An Ambitious Curriculum for All

  • 🧠 RE curricula should be designed to give all learners - especially the most disadvantaged and those with SEND - the knowledge they need to succeed in life. RE makes a significant contribution to the overall knowledge pupils will need in life.

  • 🏗 Highly specific curriculum planning which considers the precise detail of the building blocks pupils will need to access the curriculum is likely to lead all learners to achieve this goal.

Progression

  • ➡️ The curriculum is the progression model - this means it should set out what it means to ‘get better’ at RE as pupils journey through the curriculum.

  • 3️⃣ There are three forms of knowledge that leaders and teachers need to consider: these are the three pillars of progression (and detailed in the next section).

  • 🧠 Getting better at RE means to ‘know more, and remember more’.

  • 👁 Leaders and teachers need to be aware of the different types of knowledge in RE, otherwise pupils may consequently develop misconceptions about religions and the differences between types of knowledge in RE and in other subjects.

Pillars of Progression

  • 3️⃣ There are three types of knowledge:

    • Substantive knowledge: knowledge about religious and non-religious traditions

    • Ways of knowing: knowledge of ‘how to know’ about religion and non-religion.

    • Personal knowledge: a growing knowledge of how pupils’ own ideas and values relate with those which they learn about in a religious and non-religious context.

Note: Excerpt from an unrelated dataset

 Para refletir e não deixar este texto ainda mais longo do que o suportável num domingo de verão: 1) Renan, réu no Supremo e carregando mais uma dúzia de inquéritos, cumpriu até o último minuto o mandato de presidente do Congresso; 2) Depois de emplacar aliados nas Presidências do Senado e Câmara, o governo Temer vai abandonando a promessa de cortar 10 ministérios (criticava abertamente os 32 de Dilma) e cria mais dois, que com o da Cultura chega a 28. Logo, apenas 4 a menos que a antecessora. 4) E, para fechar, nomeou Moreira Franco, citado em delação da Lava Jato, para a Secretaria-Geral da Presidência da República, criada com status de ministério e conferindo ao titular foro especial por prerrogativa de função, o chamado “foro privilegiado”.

  • 🖇 These types of knowledge should not be artificially separated from each other.

Substantive Knowledge

  • This includes:

    • 🙏🏿 The different ways that people express religion and non-religion in their lives

    • 📿 Knowledge about the artefacts and texts which are associated with different religious and non-religious traditions

    • 🕋 Concepts - such as ‘incarnation’, ‘prayer’ and ‘moksha’ - which relate to religious and non-religious traditions.

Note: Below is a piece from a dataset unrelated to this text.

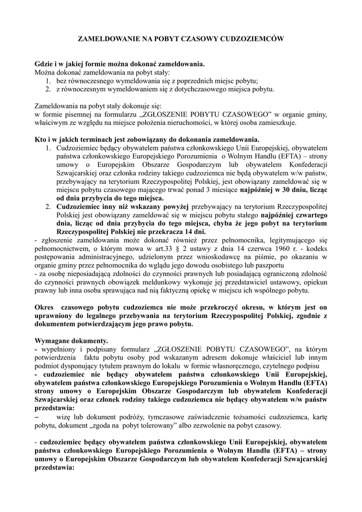 ZAMELDOWANIE NA POBYT CZASOWY CUDZOZIEMCÓW Gdzie i w jakiej formie można dokonać zameldowania. Można dokonać zameldowania na pobyt stały: 1. bez równoczesnego wymeldowania się z poprzednich miejsc pobytu; 2. z równoczesnym wymeldowaniem się z dotychczasowego miejsca pobytu. Zameldowania na pobyt stały dokonuje się: w formie pisemnej na formularzu „ZGŁOSZENIE POBYTU CZASOWEGO” w organie gminy, właściwym ze względu na miejsce położenia nieruchomości, w której osoba zamieszkuje. Kto i w jakich terminach jest zobowiązany do dokonania zameldowania. 1. Cudzoziemiec będący obywatelem państwa członkowskiego Unii Europejskiej, obywatelem państwa członkowskiego Europejskiego Porozumienia o Wolnym Handlu (EFTA) – strony umowy o Europejskim Obszarze Gospodarczym lub obywatelem Konfederacji Szwajcarskiej oraz członka rodziny takiego cudzoziemca nie będą obywatelem w/w państw, przebywający na terytorium Rzeczypospolitej Polskiej, jest obowiązany zameldować się w miejscu pobytu czasowego mającego trwać ponad 3 miesiące najpóźniej w 30 dniu, licząc od dnia przybycia do tego miejsca. 2. Cudzoziemiec inny niż wskazany powyżej przebywający na terytorium Rzeczypospolitej Polskiej jest obowiązany zameldować się w miejscu pobytu stałego najpóźniej czwartego dnia, licząc od dnia przybycia do tego miejsca, chyba że jego pobyt na terytorium Rzeczypospolitej Polskiej nie przekracza 14 dni. - zgłoszenie zameldowania może dokonać również przez pełnomocnika, legitymującego się pełnomocnictwem, o którym mowa w art.33 § 2 ustawy z dnia 14 czerwca 1960 r. - kodeks postępowania administracyjnego, udzielonym przez wnioskodawcę na piśmie, po okazaniu w organie gminy przez pełnomocnika do wglądu jego dowodu osobistego lub paszportu - za osobę nieposiadającą zdolności do czynności prawnych lub posiadającą ograniczoną zdolność do czynności prawnych obowiązek meldunkowy wykonuje jej przedstawiciel ustawowy, opiekun prawny lub inna osoba sprawująca nad nią faktyczną opiekę w miejscu ich wspólnego pobytu. Okres czasowego pobytu cudzoziemca nie może przekroczyć okresu, w którym jest on uprawniony do legalnego przebywania na terytorium Rzeczypospolitej Polskiej, zgodnie z dokumentem potwierdzającym jego prawo pobytu. Wymagane dokumenty. - wypełniony i podpisany formularz „ZGŁOSZENIE POBYTU CZASOWEGO”, na którym potwierdzenia faktu pobytu osoby pod wskazanym adresem dokonuje właściciel lub innym podmiot dysponujący tytułem prawnym do lokalu w formie własnoręcznego, czytelnego podpisu - cudzoziemiec nie będący obywatelem państwa członkowskiego Unii Europejskiej, obywatelem państwa członkowskiego Europejskiego Porozumienia o Wolnym Handlu (EFTA) strony umowy o Europejskim Obszarze Gospodarczym lub obywatelem Konfederacji Szwajcarskiej oraz członek rodziny takiego cudzoziemca nie będący obywatelem w/w państw przedstawia: – wizę lub dokument podróży, tymczasowe zaświadczenie tożsamości cudzoziemca, kartę pobytu, dokument „zgoda na pobyt tolerowany” albo zezwolenie na pobyt czasowy. - cudzoziemiec będący obywatelem państwa członkowskiego Unii Europejskiej, obywatelem państwa członkowskiego Europejskiego Porozumienia o Wolnym Handlu (EFTA) – strony umowy o Europejskim Obszarze Gospodarczym lub obywatelem Konfederacji Szwajcarskiej przedstawia: – ważny dokument podróży lub inny ważny dokument potwierdzający jego tożsamość i obywatelstwo oraz ważny dokument potwierdzający prawo stałego pobytu, albo zaświadczenie o zarejestrowaniu pobytu obywatela Unii Europejskiej lub w przypadku braku zaświadczenia, składa oświadczenie o zarejestrowaniu pobytu, na terytorium Rzeczypospolitej Polskiej. do wglądu – dokument potwierdzający tytuł prawny do lokalu, np. umowa cywilno-prawna, wypis z księgi wieczystej, decyzja administracyjna, orzeczenie sądu lub inny dokument poświadczający tytuł prawny do lokalu. Miejsce i termin złożenia dokumentów. - Wypełniony i podpisany formularz „ZGŁOSZNIE POBYTU SCZASOWEGO” należy złożyć w Urzędzie Miasta i Gminy w Swarzędzu, Referat Spraw Obywatelskich w Swarzędzu, ul. Poznańska 25 II p. pok. 209, tel. 61 65-12-310. Termin i sposób załatwienia sprawy. 1. Niezwłocznie – w chwili przyjęcia przez organ gminy zgłoszenia meldunkowego Organ gminy wydaje takiej osobie z urzędu „ZAŚWIADCZENIE O ZAMEDLOWANIU NA POBYT CZASOWY”, ważne do chwili zmiany miejsca zameldowania jednak nie dłużej niż do upływu terminu zameldowania. Opłaty. Czynność zameldowania jest wolna od opłat. Wydanie „ ZAŚWIADCZENIA O ZAMELDOWANIU NA POBYT CZASOWY” podlega opłacie skarbowej określonej w ustawie o opłacie skarbowej.

  • Subject-specific concepts can be categorised in the following ways:

    • 🙇🏽‍♀️ concepts which are common to religious and non-religious experience e.g. interpretation

    • 🛐 concept that are common to multiple forms of religious experience e.g. sacrifice

    • ✝️ concepts that are specific to a religious tradition e.g. the Christian notion of ‘incarnation’.


  • 🏗 It would be impossible to try to teach everything and so curriculum leaders and designers need to select content for pupils to learn. This means all curriculum content is a representation or reconstruction of religious and non-religious traditions, worldview and concepts.

  • 🏹 It is important that leaders and teachers choose the most accurate representations possible, as school RE plays a significant role in building pupils’ knowledge and conceptual models about religion and non-religion.

  • 🧠 What pupils learn needs to resemble the complexity of religion and of religion in society. They should have a ‘mental model’ which reflects the global and historical complexity of religion and non-religion.

What is ‘enough’ representation?

  • ⛓ A RE curriculum needs to contain ‘collectively enough’ content for pupils to achieve the ambitious end goals set for them. Leaders should consider what the overall conception of religion and non-religion is intended for pupils and use this as a guide to select the content to be taught. This can be more useful than using a ‘quantity’ or ‘weighting’ approach of traditions to be included in a curriculum.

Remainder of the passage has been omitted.